As long as they’re like MAGIC IN THE MOONLIGHT (2014, Netflix), there’s no difficulty dismissing Allen cinematically as well as morally. Would that it were not so, since Allen is a paragon in American filmmaking: he has directed 50 films, only a few of them short segments, and has enjoyed almost unparalleled control of his creative process, from secret script to final cut, and the power to junk what he doesn’t like and re-shoot it. Actors line up to work with him — or they used to; given his uncertain reputation, it may no longer be a status symbol to be asked to appear in a Woody Allen movie.

MAGIC IN THE MOONLIGHT displays the central weaknesses that have afflicted Allen’s recent work, with the notable exceptions of MIDNIGHT IN PARIS (2011) and BLUE JASMINE (2013). MAGIC isn’t as bad as TO ROME WITH LOVE (2012), but it represents another entry in the largely undistinguished run of lackluster comedy-dramas Allen has made since MATCH POINT (2005), and there wasn’t much good in between that film and SWEET AND LOW DOWN (1999).

I was encouraged at first since MAGIC gets off to a robust and engaging start. Colin Firth is well-cast as a cynical magician (using the Orientalism fad of his 1920s era to trick audiences) who loves to debunk psychics and spiritualists,  all the rage in that time. He is engaged by a well-meaning friend to expose a young American spiritualist (Emma Stone) and her scheming mother (Marcia Gay Harden),  who are preying on a wealthy woman (Jacki Weaver) and her besotted (of  Stone) son, a role wasting the talents of Hamish Linklater.

Stone, looking wan and miscast, of course proves irresistible to Firth, who is sure she’s phony until suddenly she’s not. He ends up as flummoxed as everyone else, and he can’t figure out how she does pulls off her supposed communion with the dead.  That sounds like the premise for a decent comedy sketch, but stretched out to 97 minutes, with many of Allen’s jokes falling jarringly flat, it seems much, much longer.

Firth, probably the most versatile major male movie star in moving effortlessly between drama and comedy, does his best with a role that is at its heart contradictory: Firth is both a cynic and a sentimentalist; as always, the male protagonist in a Woody Allen movie is playing some variation or another of Woody Allen, and the problem with Allen’s recent work is that the sentimentalist is overwhelming the once sophisticated cynic.

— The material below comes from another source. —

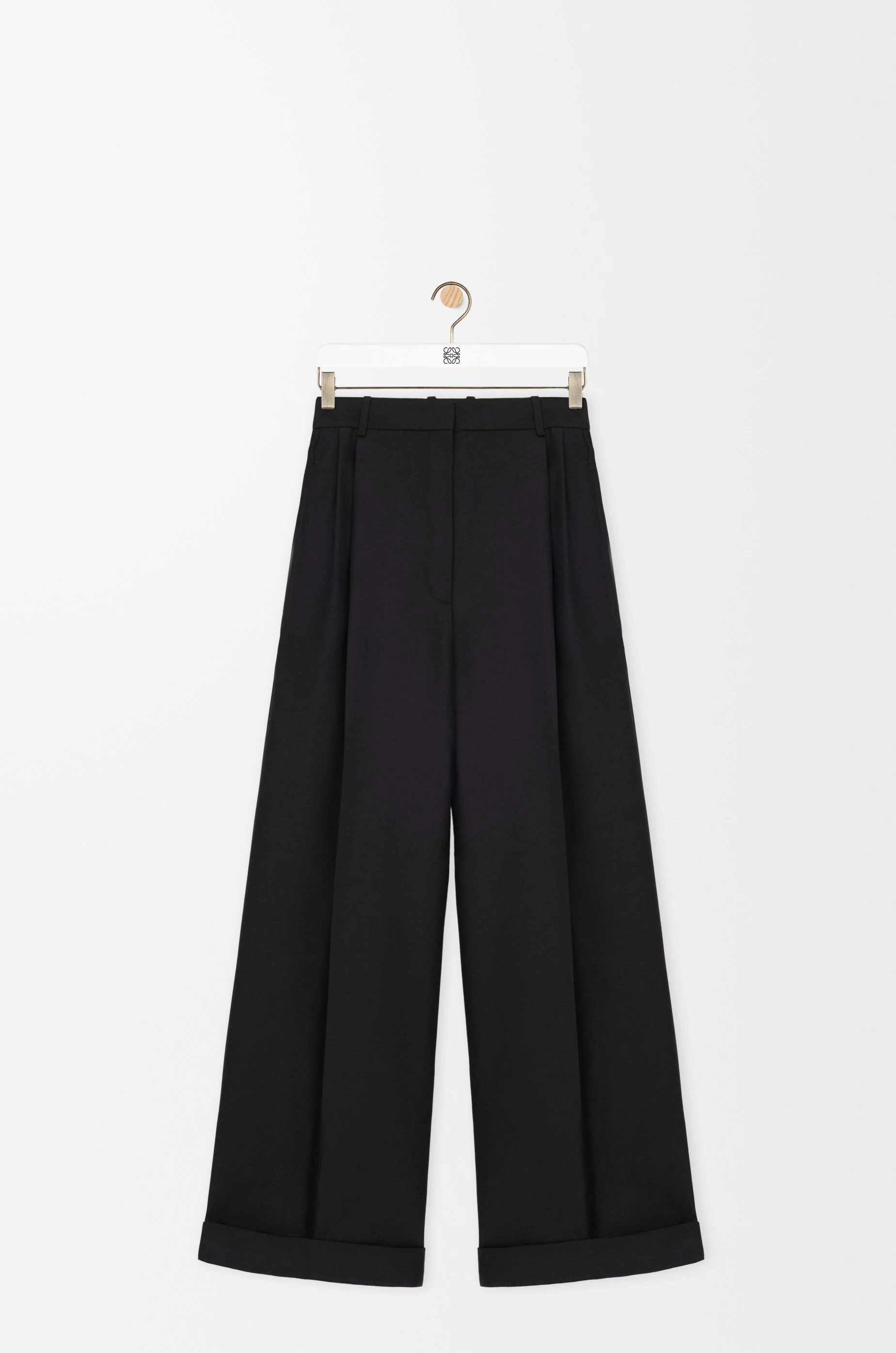Trousers in medium-weight wool and silk tailoring. - Regular fit, regular length - High waist, wide leg - Concealed zip fly - Seam pockets, rear jet pocket - Pressed creases at the front and back - Cuffed hem - Anagram embroidery placed at the back Colour: Black Main material: Wool/Silk Weight: 0.4 kg Made in: Italy Materials & care Main Material: 71% wool 29% silk

The plotting of MAGIC becomes ever more complicated, and unnecessarily so. Once it’s clear Firth and Stone are in love, Allen has to do everything to break them apart. This may have seemed fresh in MANHATTAN (1979), but it’s tired and familiar by now. Allen, who will be 80 a year from now, simply does not  have the form he once possessed. I’m the last person to be ageist, but the list of directors who have done great work into their 80s is a very short one, and currently he is not on my version.

MAGIC IN THE MOONLIGHT isn’t painful to watch; it’s mildly entertaining and as usual with Allen movies, it’s expertly made from a craft standpoint. Allen seems loathe to make films in the United States any more, probably a wise decision considering the protests that might accompany any attempt he would make to shoot on location. He seems content to bounce back and forth between France, Italy and England, making stories about expatriates, whom he increasingly resembles, at least artistically.

I’ve also learned that just as you’re ready to give up on Allen, he’ll come up with a magical realism souffle like MIDNIGHT IN PARIS, in which all the elements click and  you walk out of the theater saying, “Now that’s a Woody Allen movie!” The problem Allen faces now is that people walk unhappily out of MAGIC IN THE MOONLIGHT and say, “Now that’s a Woody Allen movie.” The magic seems gone.